И почти в то же мгновение, как он это сказал, раздался крик:

— Воздух!

И вдруг ударили зенитные пушки, зазвенели пулеметы, послышался рев моторов в небе и пронзительный нарастающий визг обрушившихся бомб.

Ребята упали на землю. Взрывы поближе и более дальние потрясали все вокруг, посыпались комья земли и щепки, и сразу вслед за первой очередью самолетов пронеслась вторая очередь, за нею третья, и визг, и вой, и взрывы рушившихся бомб, огонь зенитных пушек и пулеметов заполнили, казалось, все пространство между степью и небом.

Но вот самолеты прошли, люди стали подыматься с земли, и в это время откуда-то не очень издалека, со стороны хутора, где ночевали Жора и Ваня, послышались округлые выстрелы пушек, и через мгновение, вздымая столбы земли и щепок, в самом таборе с резким грохотом начали рваться снаряды.
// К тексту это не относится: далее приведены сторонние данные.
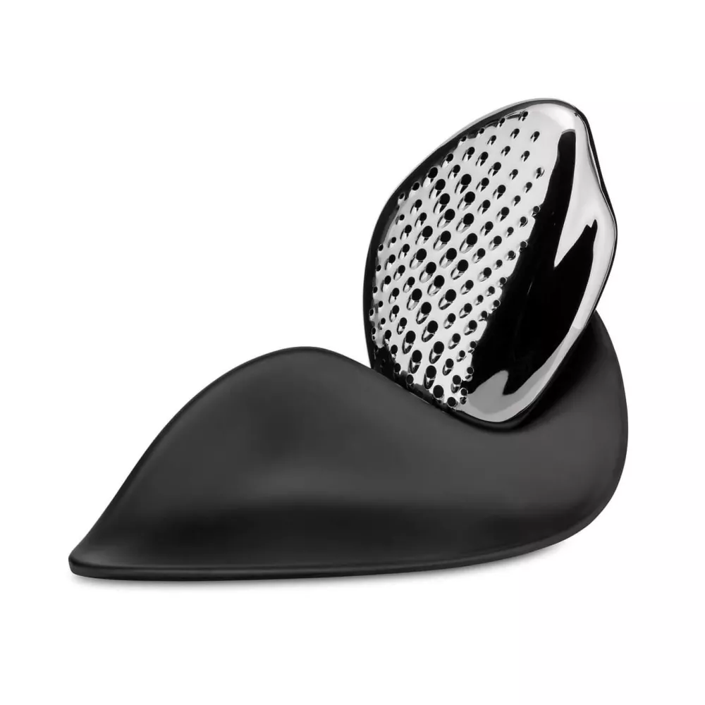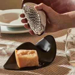 “Forma” è una grattugia disegnata per adattarsi al profilo del palmo, facile e piacevole da impugnare. Una forma organica ispirata ai ciottoli levigati dall’acqua e dal vento, plasmata in acciaio inossidabile attraverso un complesso processo produttivo. Il formaggio, grattugiato sulla superficie dai fori asimmetrici, viene sparso sul piatto in maniera irregolare e crea una trama originale. La grattugia poggia una base con la quale crea un unico pezzo scultoreo. Grattugia in acciaio inox 18/10, base in melamina Dimensioni: h 14 x L 20 cm Sku: ZH03
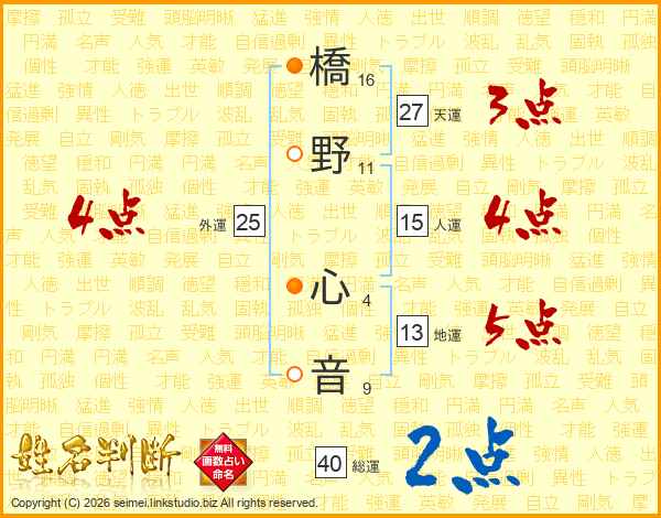 橋野心音さんの総運は40画の2点!
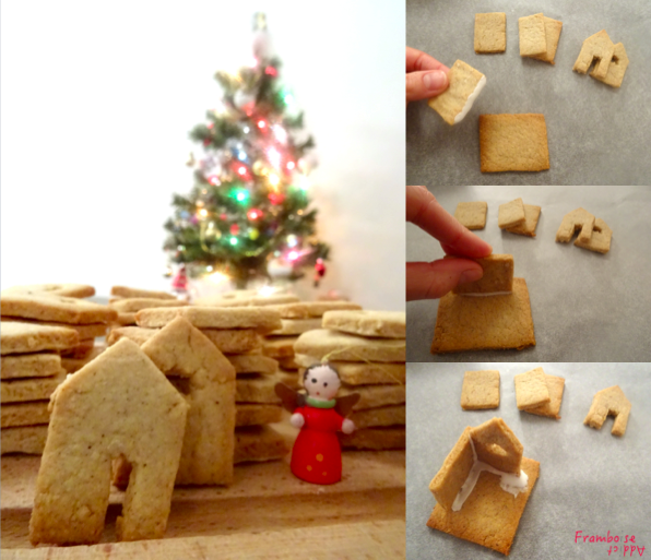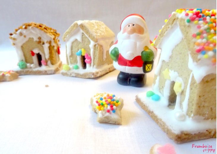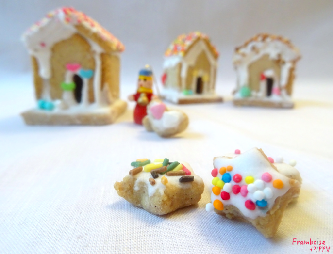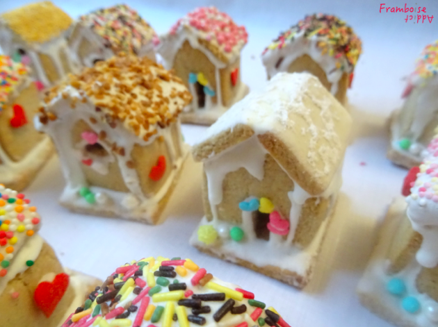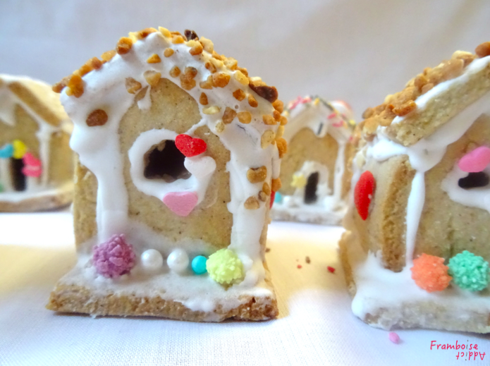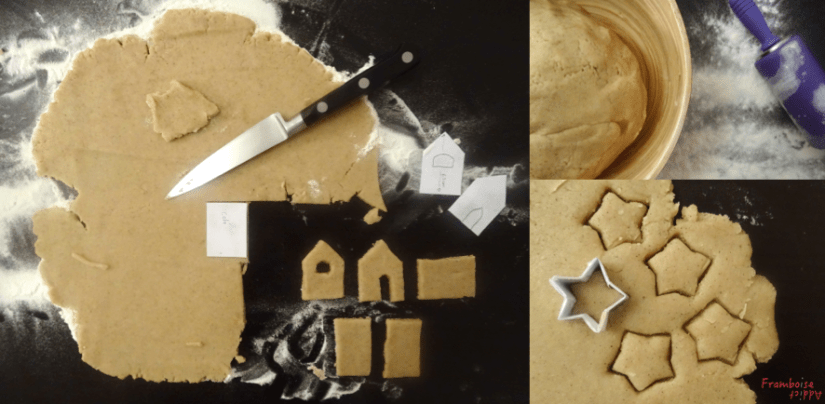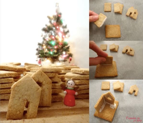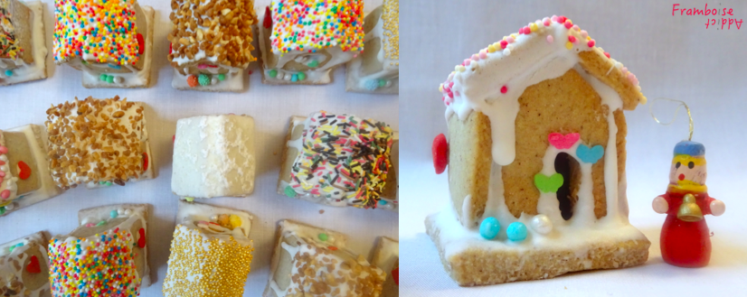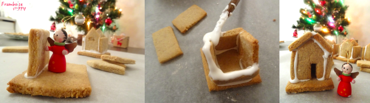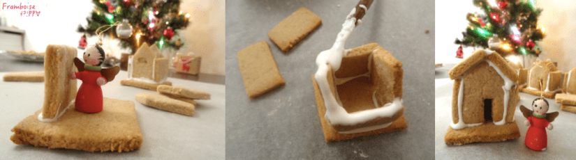 Une fois que vos biscuits sont cuits vous pouvez passer à l’assemblage ! Pour commencer il vous faut la recette du glaçage qui figure avec celle des biscuits (1 blanc d’oeuf/ 125g de sucre glace). Ce glaçage va vous servir de ciment pour coller les murs de la maison entre eux. Astuce: pour un ciment à prise rapide vous pouvez rajouter à la recette une cuillère à café de poudre de tartre alimentaire, mais sans le tartre ça marche très bien aussi 🙂

Люди, поднявшиеся с земли, частью снова попадали на землю, частью повернули головы в сторону рвущихся снарядов, не упуская в то же время из виду переправы. И по лицам и поведению военных, ведавших переправой, люди поняли, что произошло что-то непоправимое. Военные, управлявшие переправой, переглянулись, постояли мгновение, будто прислушиваясь; вдруг один из них бросился в блиндаж у самого спуска к наплавному мосту, а другой закричал вдоль берега, созывая команду.
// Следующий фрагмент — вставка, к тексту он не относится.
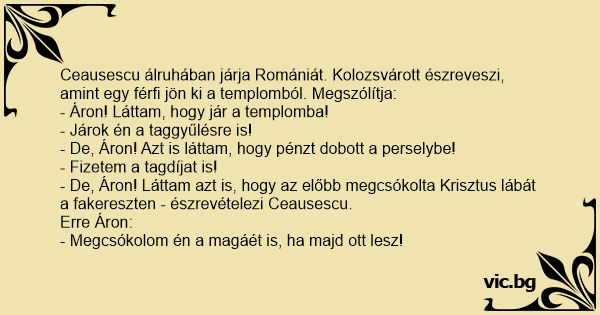 - De, Áron! Láttam azt is, hogy az előbb megcsókolta Krisztus lábát a fakereszten - észrevételezi Ceausescu.
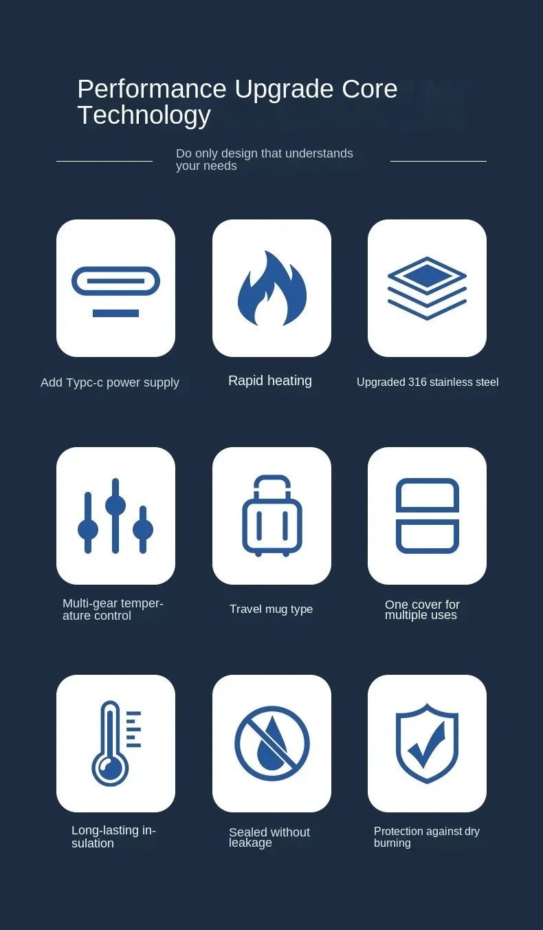 • Integrated design: The integrated design of this water cup combines functionality and style, providing an effective solution for heating beverages while driving.
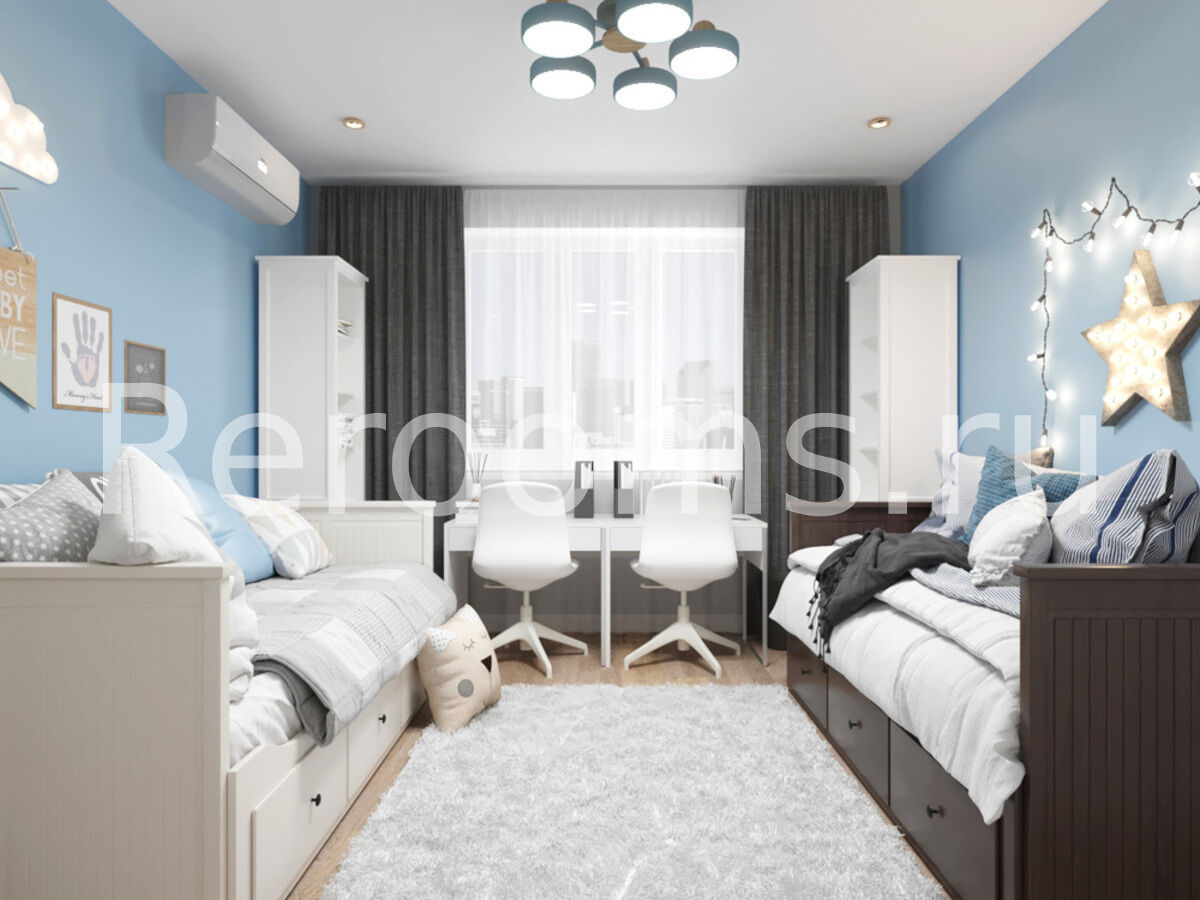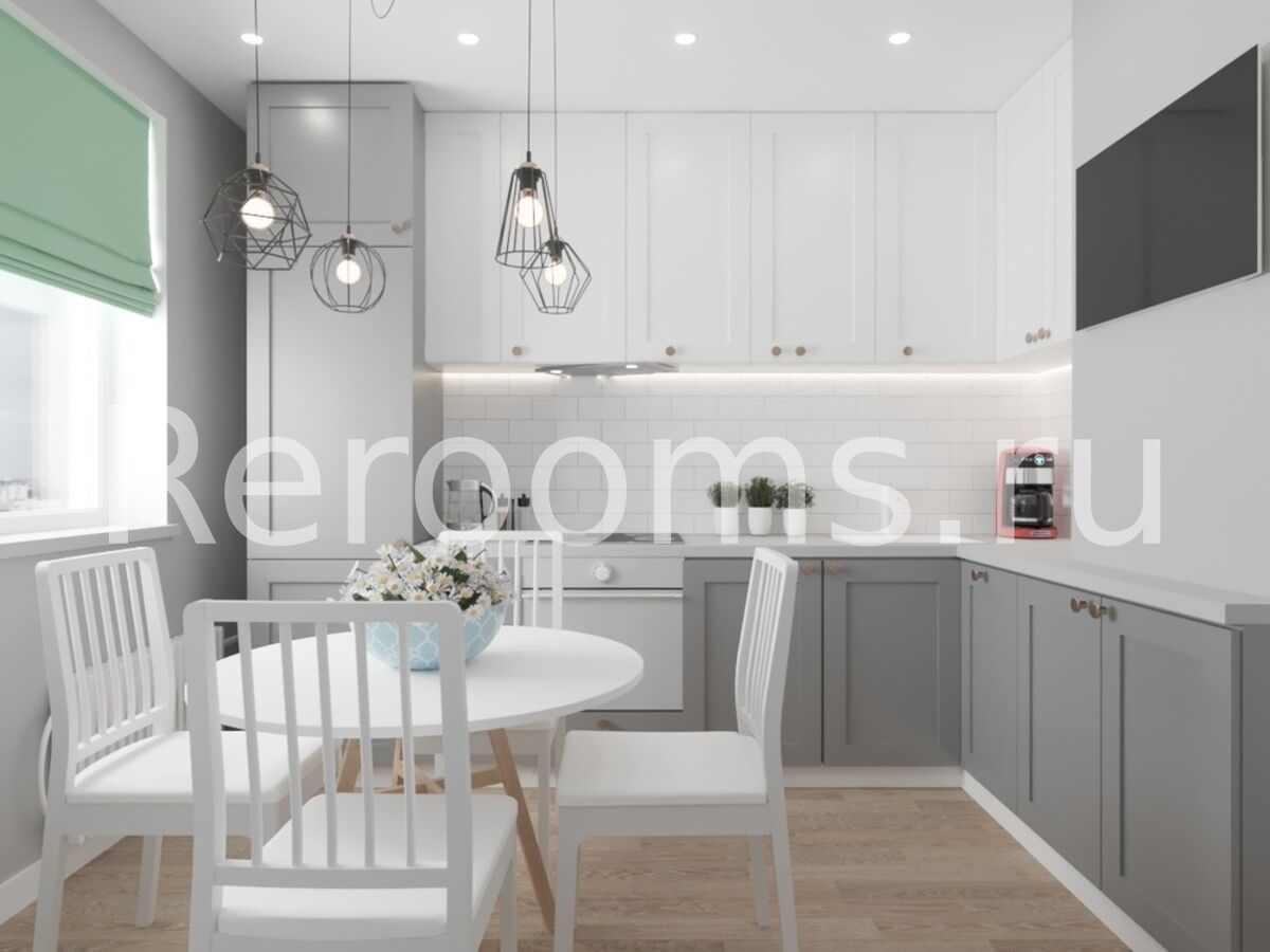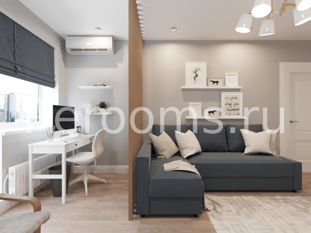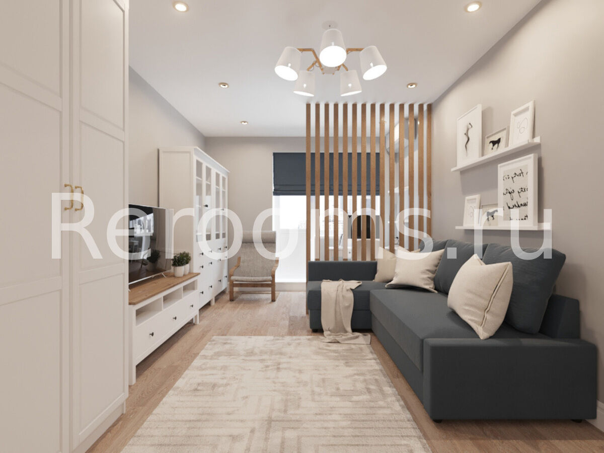 Разрабатывая проект этой двухкомнатной квартиры, дизайнеры руководствовались основными правилами скандинавского стиля. Интерьер нужно было сделать максимально просторным, уютным и функциональным. В качестве основных тонов отделки выбрали типичные для сканди-стиля серый, белый и цвет натурального дерева. Гостиную разделили на две зоны при помощи деревянных реек, благодаря чему получилось отдельное приватное помещение, которое отвели под рабочий кабинет. На кухне функциональный гарнитур идеально вписан в пространство и полностью соответствует выбранной стилистике. Детская комната, рассчитанная на двух детей, отличается удобством и эстетическим видом.

Через минуту военный выбежал из блиндажа с двумя шинелями через руку и вещевыми мешками в другой руке, которые он тащил за лямки, и оба военных и бойцы комендантской команды, не строясь, бросились бегом по наплавному мосту, обгоняя машины, вновь начавшие свое движение к мосту и по мосту.
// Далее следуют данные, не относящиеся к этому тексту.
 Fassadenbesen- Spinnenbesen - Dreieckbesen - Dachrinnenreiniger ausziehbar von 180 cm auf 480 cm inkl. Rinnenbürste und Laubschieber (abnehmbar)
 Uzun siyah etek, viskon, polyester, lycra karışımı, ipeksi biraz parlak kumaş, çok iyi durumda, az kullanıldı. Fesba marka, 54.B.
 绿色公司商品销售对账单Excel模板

То, что произошло вслед за этим, произошло так внезапно и стихийно, что никто не мог бы сказать, с чего все это началось. Какие-то люди с криком бросились вслед за военными. Какая-то сумятица произошла среди машин на самом съезде: несколько машин разом хлынули на понтон, сцепились, раздался треск, но хотя путь дальше был явно загорожен этими машинами, другие машины, напирая задние на передние, продолжали со страшным ревом моторов обрушиваться в эту кашу из машин на понтоне. Одна машина свалилась в воду, за ней другая, и готовилась свалиться третья, но водитель мощным движением руки приковал ее на тормозе.

Ваня Земнухов, с удивлением смотревший своими близорукими глазами на то, что происходит с машинами, вдруг воскликнул:

— Клава!

И бросился к съезду.

Да, эта третья машина, едва не свалившаяся в воду, была машина Ковалева, где поверх вещей сидели он сам, его жена, дочь и еще какие-то люди.



— Клава! — снова крикнул Ваня, неизвестно как очутившийся у самой машины.

Люди выпрыгивали из нее. Ваня протянул руку, и Клава спрыгнула к нему.

— Кончено!.. К чортовой матери!.. — сказал Ковалев так, что у Вани похолодело сердце.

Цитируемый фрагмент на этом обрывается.